When you reach the line below that has "가구별 인원에 따라 중위소득은", start returning lines exactly, and stop after the line that has "日前国际权威研究机构高德纳(Gartne"; skip the pictures.

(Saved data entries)
- - - - -

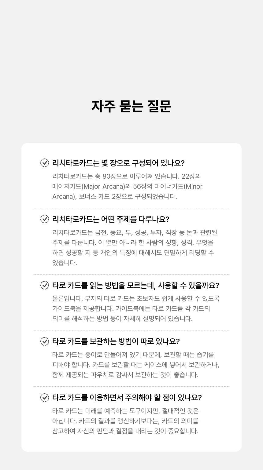 - 타로를 도박이나 확률 게임과 같은 곳에 사용하시거나 100% 미래를 예측하지 못한다는 이유로 환불하시는 것은 불가능합니다. 신중하게 생각하시고 구매해주세요.
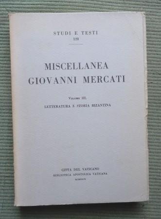 MISCELLANEA GIOVANNI MERCATI - VOL. III - LETTERATURA E STORIA BIZANTINA
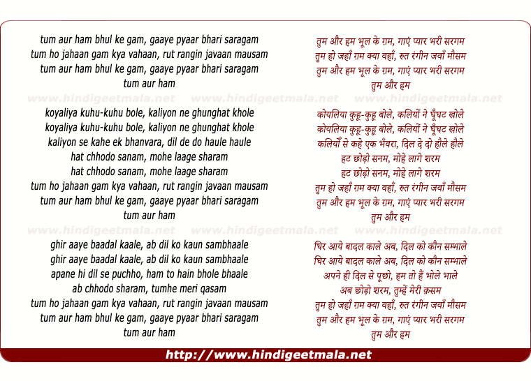 Lyrics of Tum Aur Ham Bhul Ke Gam - तुम और हम भूल के ग़म
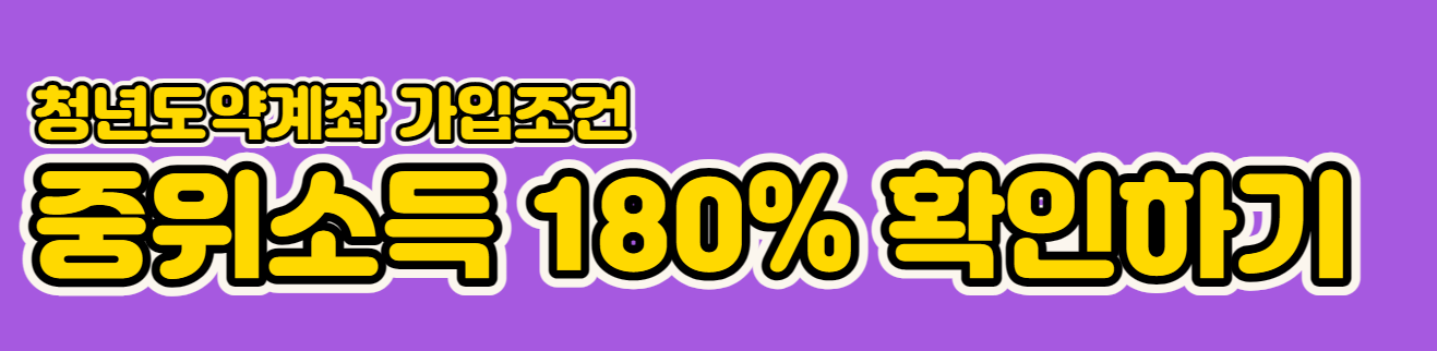 가구별 인원에 따라 중위소득은 달라집니다. 청년도약계좌 가입조건 중위 소득 180%이하인지 꼭 확인하시기 바랍니다.
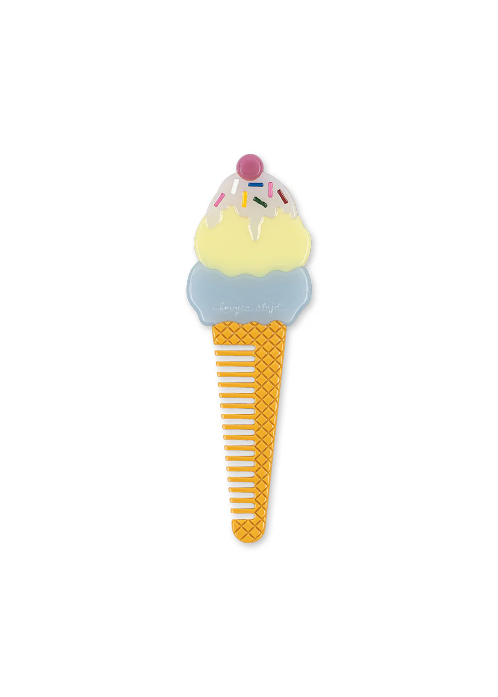 Uroczy i dekoracyjny grzebień w kształcie lodów, który sprawi, że rozczesywanie włosów stanie się dla wszystkich odrobinę przyjemniejsze. Grzebień wykonany jest w 100% z octanu i jest dostarczany w uroczym, ozdobnym pudełku, które idealnie nadaje się jako drobny upominek do przechowywania grzebienia między użyciami.
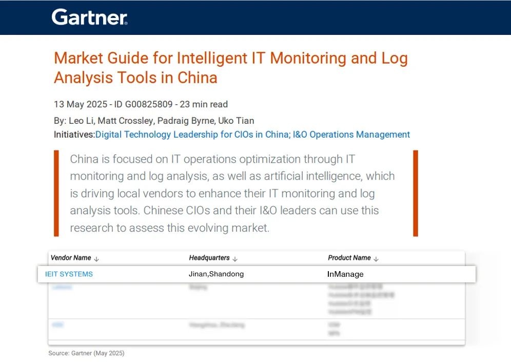 日前国际权威研究机构高德纳(Gartner)发布《中国智能IT管理和日志分析工具市场指南》,浪潮信息凭借前瞻的技术布局和领先的超大规模基础设施运维能力,入选中国智能IT管理和日志分析工具市场标杆厂商,一同入围的还有阿里云、腾讯云等云服务提供商。
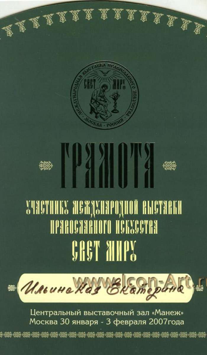 Международная выставка православного искусства Свет Миру. Москва, Центральный выставочный зал Манеж, 2007 г. Организаторы выставки: Управление делами Московской Патриархии, Центральный музей древнерусского искусства и культуры имени А.Рублева, Центр развития церковных ремесел "Русский Афон", Выставочная компания "Ортодокс-экспо".

- - - - -

■ EXERCISE OUTPUT ■
 가구별 인원에 따라 중위소득은 달라집니다. 청년도약계좌 가입조건 중위 소득 180%이하인지 꼭 확인하시기 바랍니다.
 Uroczy i dekoracyjny grzebień w kształcie lodów, który sprawi, że rozczesywanie włosów stanie się dla wszystkich odrobinę przyjemniejsze. Grzebień wykonany jest w 100% z octanu i jest dostarczany w uroczym, ozdobnym pudełku, które idealnie nadaje się jako drobny upominek do przechowywania grzebienia między użyciami.
 日前国际权威研究机构高德纳(Gartner)发布《中国智能IT管理和日志分析工具市场指南》,浪潮信息凭借前瞻的技术布局和领先的超大规模基础设施运维能力,入选中国智能IT管理和日志分析工具市场标杆厂商,一同入围的还有阿里云、腾讯云等云服务提供商。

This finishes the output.